6:20. I felt itchy. Could I have touched poison ivy, or was that just regular, unshowered, morning itchy? Couldn’t tell. Cramp in blood-deprived legs. I stood up slowly and let the old circulatory system have a break. Not too much of a break, though. Would rather suffer agonizing pain than have Joe see me here.
6:28. Thank God! A door slammed, a dog barked, an engine started, and Joe’s battered truck lurched out of his driveway. He didn’t see me. I waited a few minutes to make sure he wasn’t coming back, then stood up.

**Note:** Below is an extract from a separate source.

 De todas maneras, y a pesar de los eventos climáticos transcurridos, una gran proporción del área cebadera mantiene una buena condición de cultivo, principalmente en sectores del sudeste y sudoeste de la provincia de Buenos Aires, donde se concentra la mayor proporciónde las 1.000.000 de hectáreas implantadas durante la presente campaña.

On painfully buzzing feet, I made my way back to the road, brushing clumps of mud and oak leaves off my clothes. Luck decided to join me, and I didn’t see anyone I knew as I walked quickly down the road. Once on Massasoit, I was safe. I made it to my car as Father Bruce, my pastor, opened the doors for 7:00 mass. He looked a bit startled to see me but waved as I got into my car. I ignored him and drove away.

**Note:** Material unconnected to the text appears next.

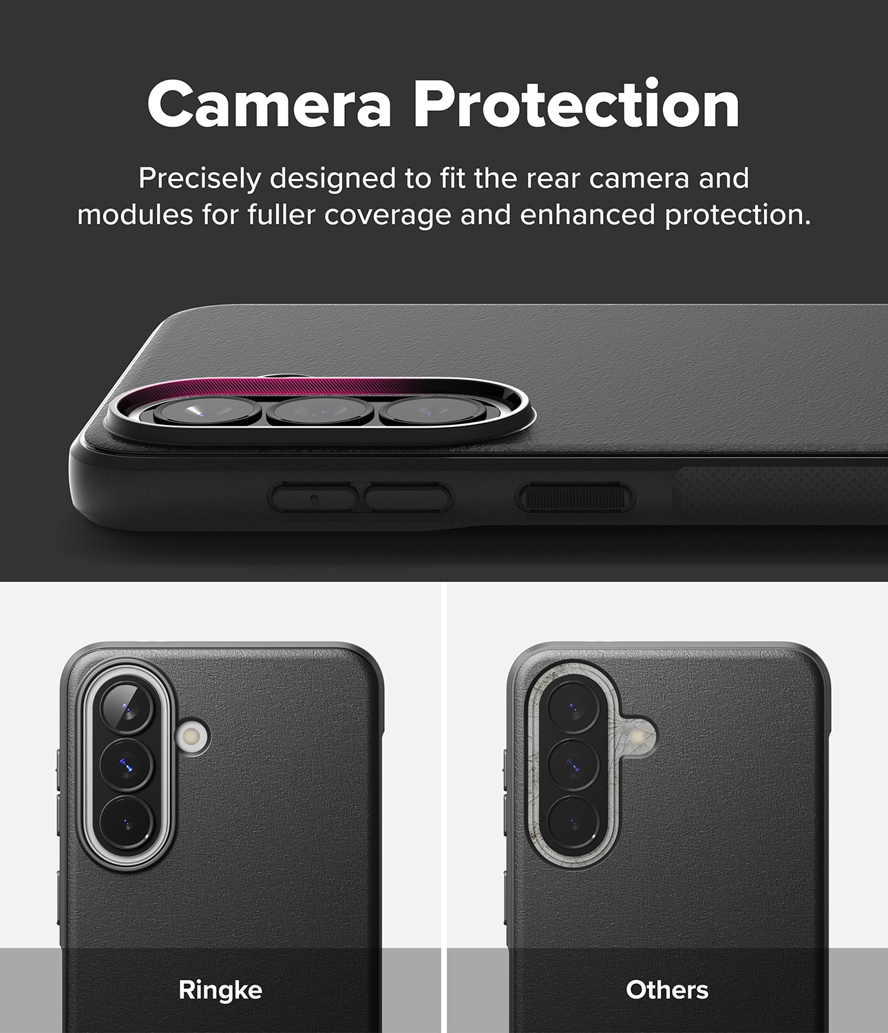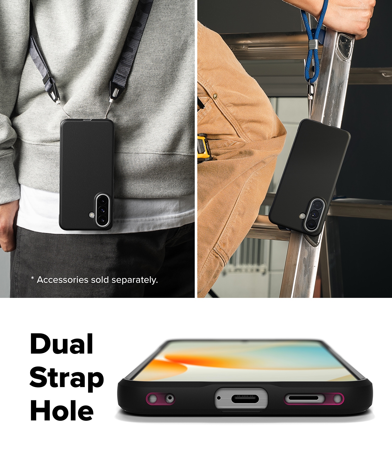Dette er Onyx Case, det tøffe og stilige dekselet Samsung Galaxy A57 fra Ringke. Dette er ikke bare et deksel; det er som en ridder i skinnende rustning med sitt elegante utseende og imponerende støtbeskyttelse. Tenk deg forsterkede hjørner som et ekstra skjold, hevede kanter som en vollgrav, og knapper så taktile at de føles som en hemmelig håndhilsen.

Back home, I showered, made some coffee and got ready for work. Now that the deed was done, my feelings of stupidity faded. I had secured my information. I was armed with knowledge. Tomorrow would be the Day of the Run. Day One of Getting Joe.
THE NEXT DAY, I WOKE UP at the horrifying hour of 5:30. I had gone to bed at 9:00 the night before but hadn’t been able to fall asleep for some time. The mirror was not my friend as I gazed at my puffy eyes, dark circles—and what was this? A pimple on my chin topped off my attractiveness for the day.
Never mind. I had to do this. If I didn’t get started, I’d never get my man. So this was just a tiny sacrifice compared to the happiness that I would find as Joe’s girlfriend/fiancée/wife.
I showered and shaved my legs, even though I would be wearing long pants. I washed my hair and conditioned it, then spent twenty minutes applying gel, drying and spraying it into place so it looked adorably tousled and unaffected. Because I was desperate, I drank one cup of coffee as I fed Digger. Then I got dressed in shorts and a T-shirt. I had finally settled on one that said Massachusetts Department of Correction.
At 6:10, I left the house with a leaping, frenzied, joyful dog and drove to the Little Creek parking area on Doane Road. This site was used for the beach shuttle in the summer, so as not to have too many cars clogging up the area. Tourists and locals alike could park here and hop on an electric shuttle bus that would chauffeur them right to the beach. It was convenient, environmentally sound and wicked fun. It was here that I would hide my car, only about a mile and a half from my house. I could, theoretically, run from home to the Joe meeting point, but this morning was not about exercise.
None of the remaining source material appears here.